Step 1: identification of transdiagnostic genetic biosignatures underlying treatment resistance in SCZ, BD and MDD

We will derive genetically based biosignatures (e.g., PRS) associated with transdiagnostic TR in SCZ, BD, and MDD. This objective will also address the clinical need to identify the common biological basis of TR across these disorders and highlight genetics-based predictors for early identification of TR. These constitute essential components of any future clinical decision support system by providing genetic biomarkers for the early detection of individuals at risk for TR, eventually contributing to a substantial reduction in the trial-and-error period of medication evaluation in each patient.

We will utilize standard, established genome-wide association study (GWAS) and polygenic methods as well as exploiting new approaches in large, harmonized data sets; such as pharmacogenomic allele calling from array data using PyPGx [5]. To this end, the Psych-STRATA consortium brings together the largest collection of treatment resistant individual level genetic data to date, amounting to more than 150,000 cases (90,000 from biobanks).

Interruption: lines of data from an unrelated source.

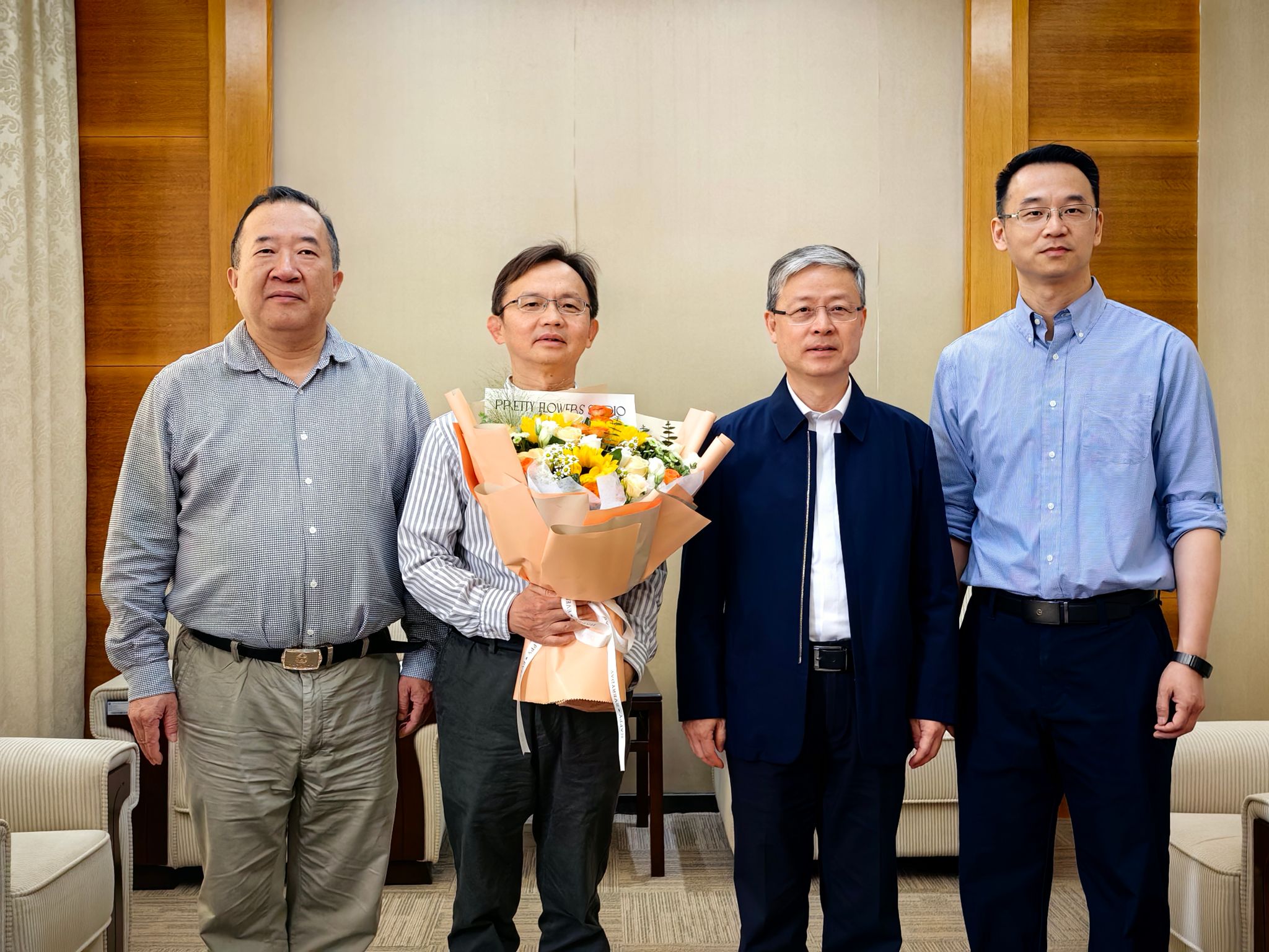 在学院党委书记肖湘衡、副院长邓倩的陪同下,黄泰岩同志亲切慰问了刘正猷教授并送上慰问鲜花和节日的祝福。
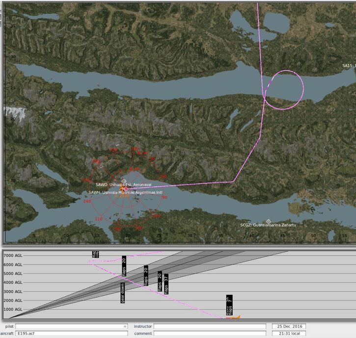 I love the pop-out 2D panels on the X-Craft airplanes. Here we are passing over Rio Grande (SAWE) and getting ready to turn toward the final transition to intercept the ILS to runway 25 at Ushuaia…
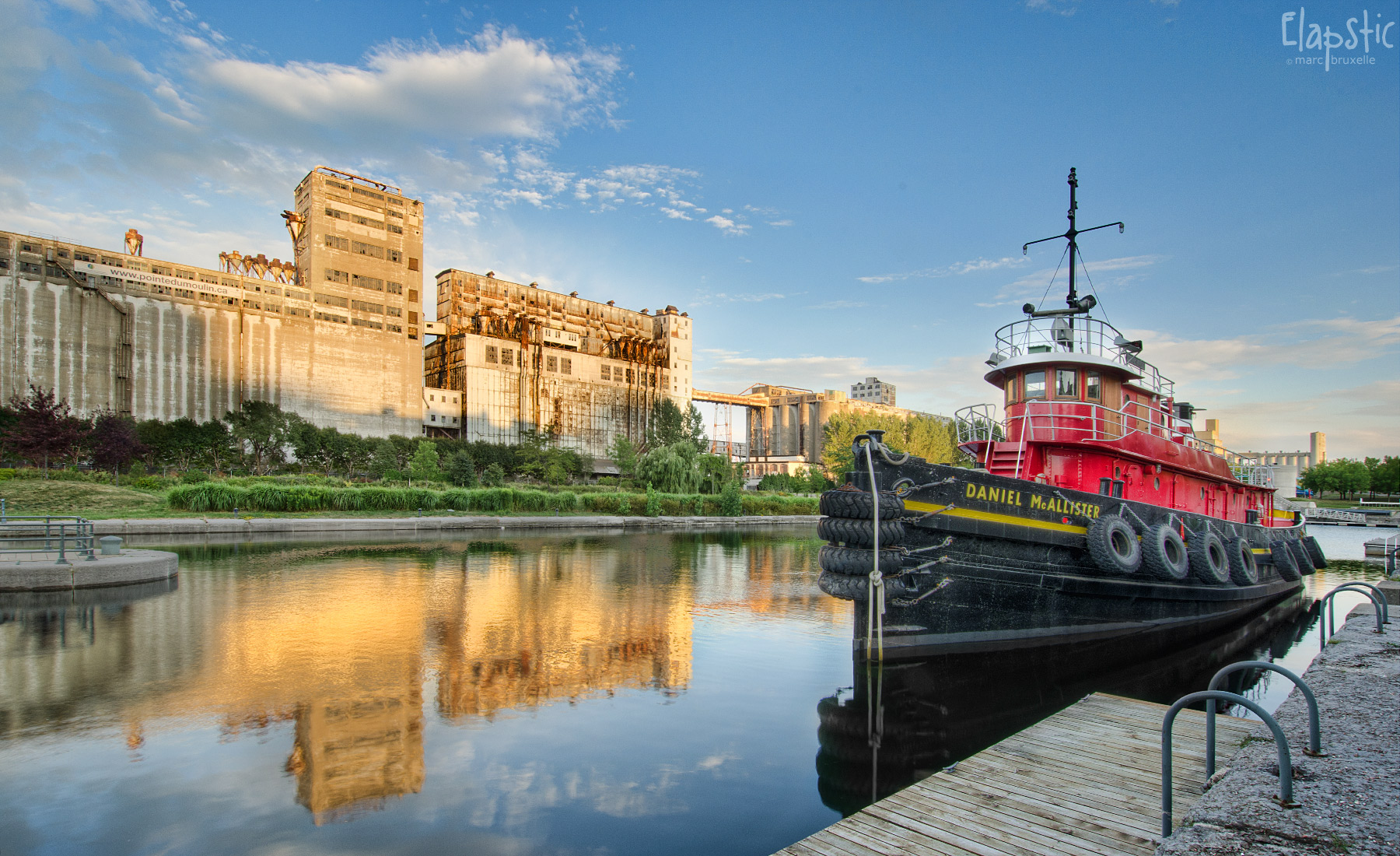 Amarré au Vieux-Port, le remorqueur Daniel McAllister a plus d’un siècle d’existence derrière lui! En 1907, Ce joli bateau rouge et noir sort des chantiers navals de Collingwood, à 150 km au nord de Toronto. Il porte alors le nom de Helena, et commence sa carrière sur la côte atlantique. Dans les années 40, alors qu’il navigue sur les eaux des Grands Lacs, on remplace sa vieille machine à vapeur par un moteur diesel, plus puissant.

We will perform within disorder GWAS of TR and refine optimal definitions of TR according to single nucleotide polymorphisms (SNP)-based heritability estimates, genetic correlation of definitions within and across disorders as well as polygenic predictive ability into the independent deeply phenotyped cohorts in step 2. In addition, we will perform cross-disorder GWAS for TR across SCZ, BD, and MDD using standard and cutting-edge methods [6] and will ascertain whether SCZ, BD, and MDD TR risk loci are disorder-specific or act across disorders (TR pleiotropic loci).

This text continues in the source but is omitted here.